Size asla yalan söylemediğimi not düşen girişin ardından iki kelime söyleyeyim; Son 16 yıldır iki anlayış arasına sıkıştırılmış Türkiye'nin önüne, bir 'üçüncü yol' olarak çıkan İYİ Parti, seçimden galip çıkmadı.. Ve Türkiye, akıllıca manevralarla, 16 yıllık 'tenis maçı siyasetini' izlemek zorunda bırakıldı.. Hülooog tarifinin mucitleri, 'Sosyal hülooog'a dönüşüp, Tayyip Erdoğan'ın, topu en iyi oynadığı alana taşımasına yardım etti.. Kutuplaşmadan beslenen siyaset taktiği devreye girdi ve Erdoğan, Muharrem İnce üzerinden milliyetçi-muhafazakar seçmene 'Öcü' gösterdi.. Ve İnce hadisesini elinin altındaki medya ile öyle bir pompaladı ki, nihayetinde, sonucu belirleyecek o huzursuz milliyetçi-muhafazakar seçmeni, kendinde olmasa bile ortağında konsolide etti, yani bir arada tuttu..
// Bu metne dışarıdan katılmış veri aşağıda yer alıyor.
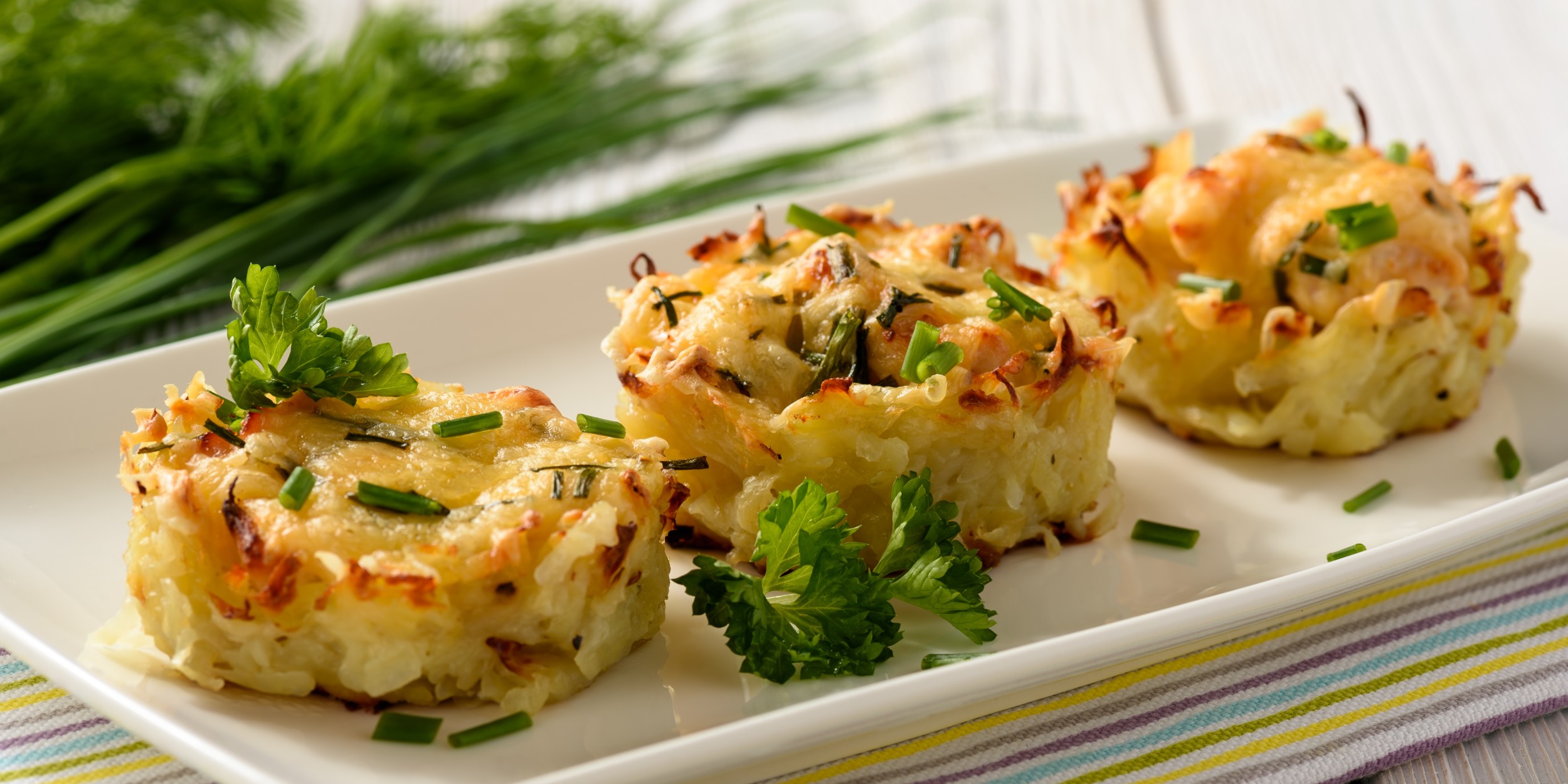 Форму для кексов смажьте маслом. В каждую ячейку выложите картофельную массу, сформировав бортики.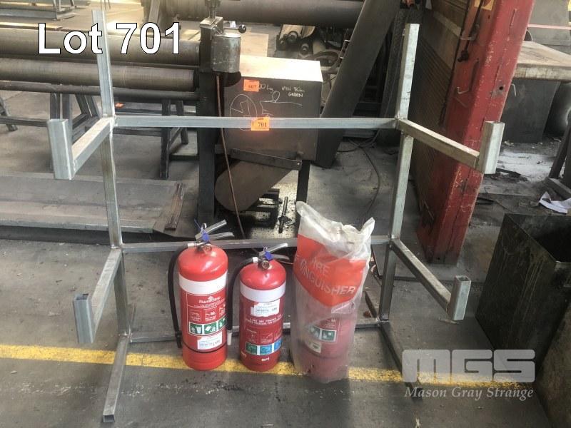 2 TIER STOCK RACK & 2 x 9kg POWDER FIRE EXTINGUISHERS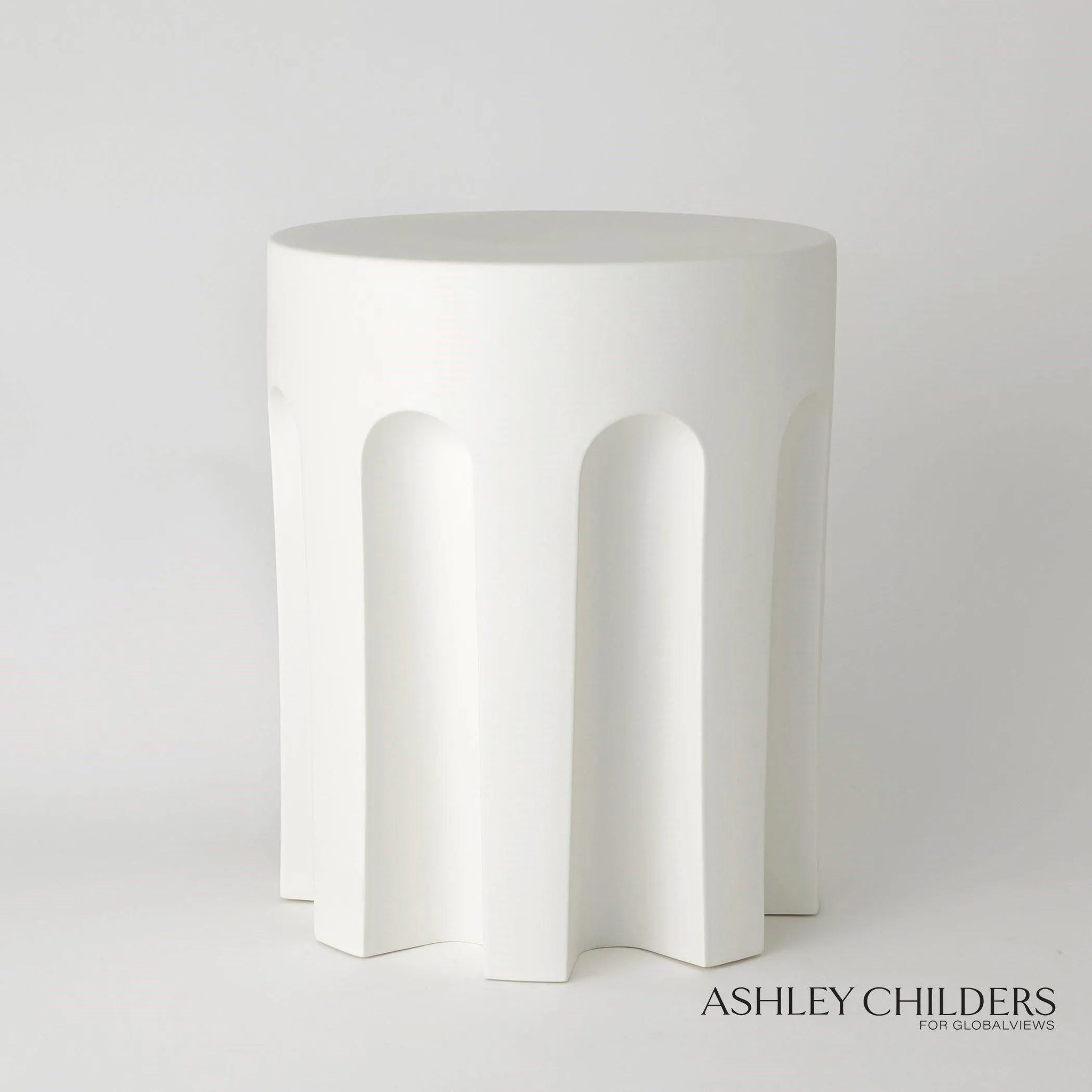 Arches Table by Global Views — a sculptural side table that reduces form to elegant geometry. Its cylindrical silhouette is carved with repeating arch recesses, creating a rhythm of light and shadow that reads as both architectural and tactile.
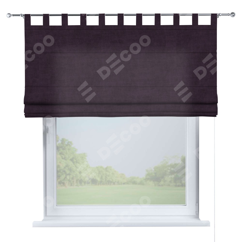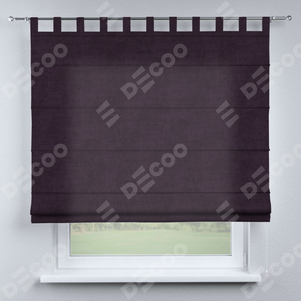 Римская штора производителя «Cortin», используется для проёма, пошита из ткани вельвет тёмно-фиолетовый, артикул ткани 72403. Данная модель пошита на петлях, комплектуется на выбор круглым карнизом и подходит для монтажа на стену. Римская штора на петлях имеет простую систему регулировки высоты, отличительным преимуществом данной модели является простой способ монтажа. Достаточно повесить ее на трубу и штора готова!
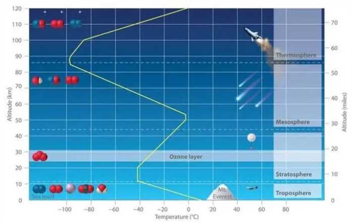 海拔每升高1000米,气温会下降6度,如果地面温度是30度,10000米的空中便只有零下30度。

24 Haziran sonuçlarının en belirleyici yanı bu.. Bu tespitte kimseye bir hakaret yok, kimseye bir suçlama yok.. Hazır olun, ne var biliyor musunuz;
Ömrünün 3'te biri, meslek hayatının yüzde 55'inde, yönetim anlayışı ve siyasi manevralarıyla mücadele ettiğim Tayyip Erdoğan'a hakkını teslim etmek var..
Bunu ben söylüyorum..
Bir taşla 5 kuş vurabilen bir siyasi manevra bu.. Daha önce ima ettiğim için sayısız hakarete uğradığım bir gerçek var; Erdoğan, haklı ya da haksız nedenlerle, 'CHP ve adayına asla oy vermem' diyen ve Ak Parti iktidarından da huzursuz olan milliyetçi-muhafazakar seçmeni hedef aldı.. Ak Parti'de kalmaları şart değildi.. Bizzat kendi elindeki medya ile "İnce alabilir" havası yaratarak, o seçmeni, "CHP mi, Cumhur ittifakı mı?" ikilemine sokmayı başardı.. Oysa gerçek soru "Millet İttifakı mı, Cumhur İttifakı mı?"ydı.. Bildiğin, soruyu değiştirdi..
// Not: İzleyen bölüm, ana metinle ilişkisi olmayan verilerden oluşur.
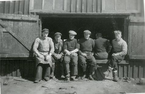 Frá vinstri: Vikar Árnason sjómaður í Keflavík, Þorvaldur Halldórsson skipstjóri frá Vörum í Garði er lengst til hægri á myndinni. Nöfn hinna eru óþekkt.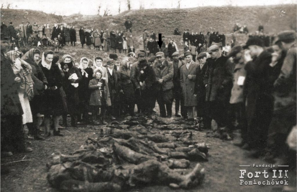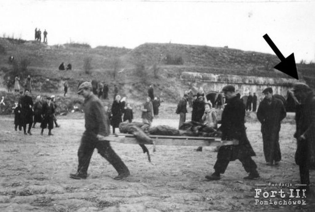 Pan Bogumił rozpoznał na dwóch zdjęciach z ekshumacji z 1945 r. swojego ojca (zdjęcia powyżej – oznaczony strzałką) oraz ciało wuja Piotra leżące na noszach (zdjęcie obok). Za marami idzie Władysław Kopański (zaznaczony strzałką). Pan Bogumił powiedział, że widział ciało wujka po przywiezieniu z Fortu. Rodzina zakryła Piotrowi głowę suknem, żeby dzieciom oszczędzić widoku. Kula, która przeszła przez potylicę roztrzaskała czoło. Poza tym, ciało było bez dużych oznak rozkładu. Buty bardzo dobrze zachowane, takie same jak na pomniku.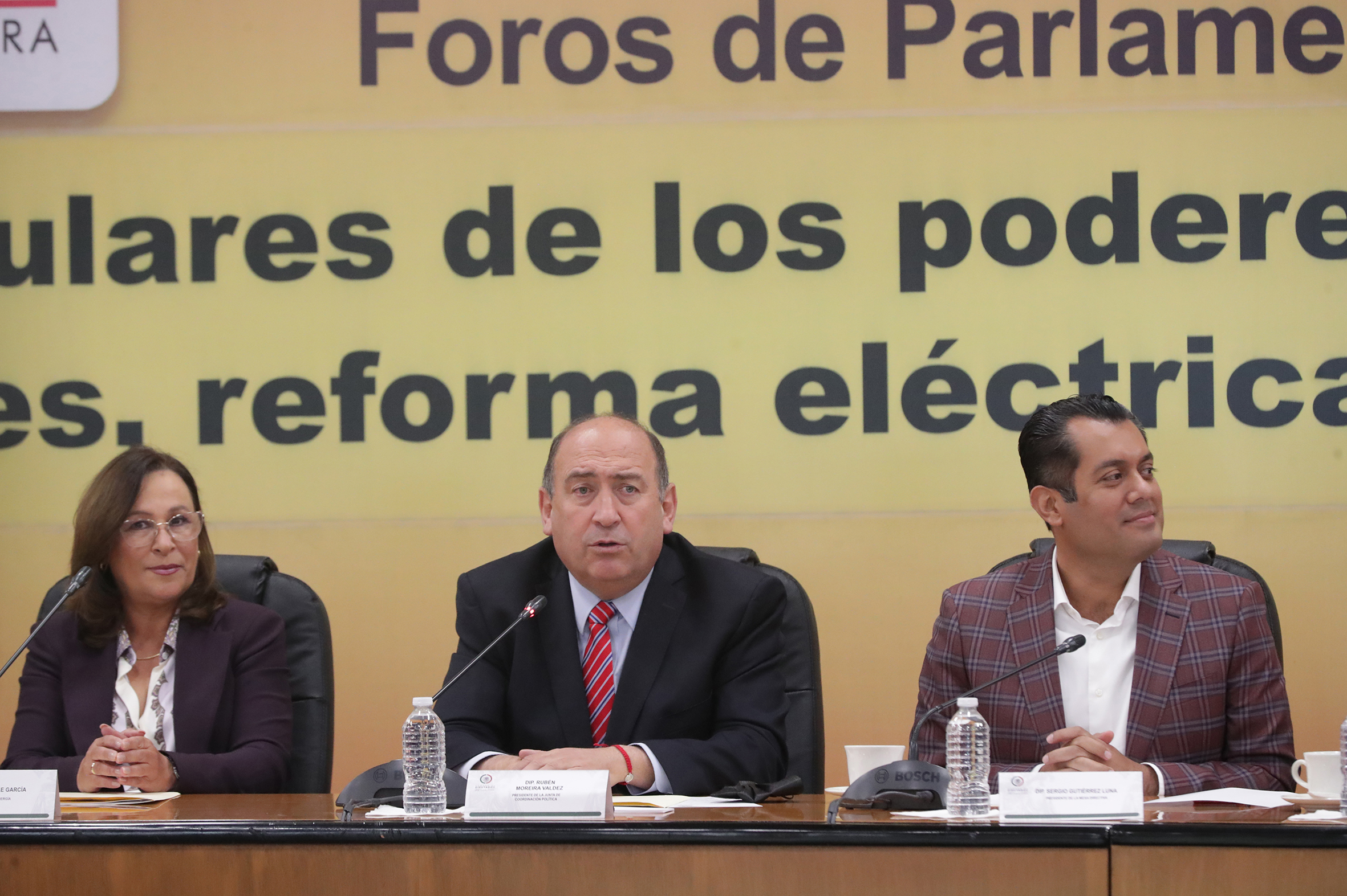 Ing. Rocío Nahle, Dip. Rubén Moreira y Dip. Presidente Sergio Gutiérrez

Ve sonuç itibarıyla o seçmeni, 'Yeni statükonun', yani iktidar ortağı olan milliyetçi-muhafazakar iddiadaki iki partiden MHP'de topladı.. Sabit seçmeninin önemli bir bölümünü kaybetmişken, MHP'nin aldığı oy bu yüzden şaşırttı herkesi.. Oysa şaşıracak bir şey yok.. O seçmenin, Millet İttifakı içinde yer alan milliyetçi-muhafazakar siyaseti de "CHP" gibi görmesini sağladı.. Ve bu değirmene en fazla suyu da onlara 'Öcü' gibi gösterilen CHP ve adayı İnce taşıdı..
**
Peki, mesela İYİ Parti ya da Saadet Partisi bu oyunu bozamaz mıydı? Bozabilirdi.. Ancak, bu ekonomik şartlarla, bu medya ambargosuyla, böylesine büyük bir ekonomik gücün yarattığı algılarla kim ne kadar mücadele edebilirdi, bilen beri gelsin.. Elbette önümüzdeki süreç bu konu üzerinde yapılacak fikir jimnastiğine sahne olacak.. Herkesin şapkasını önüne koyma zamanı..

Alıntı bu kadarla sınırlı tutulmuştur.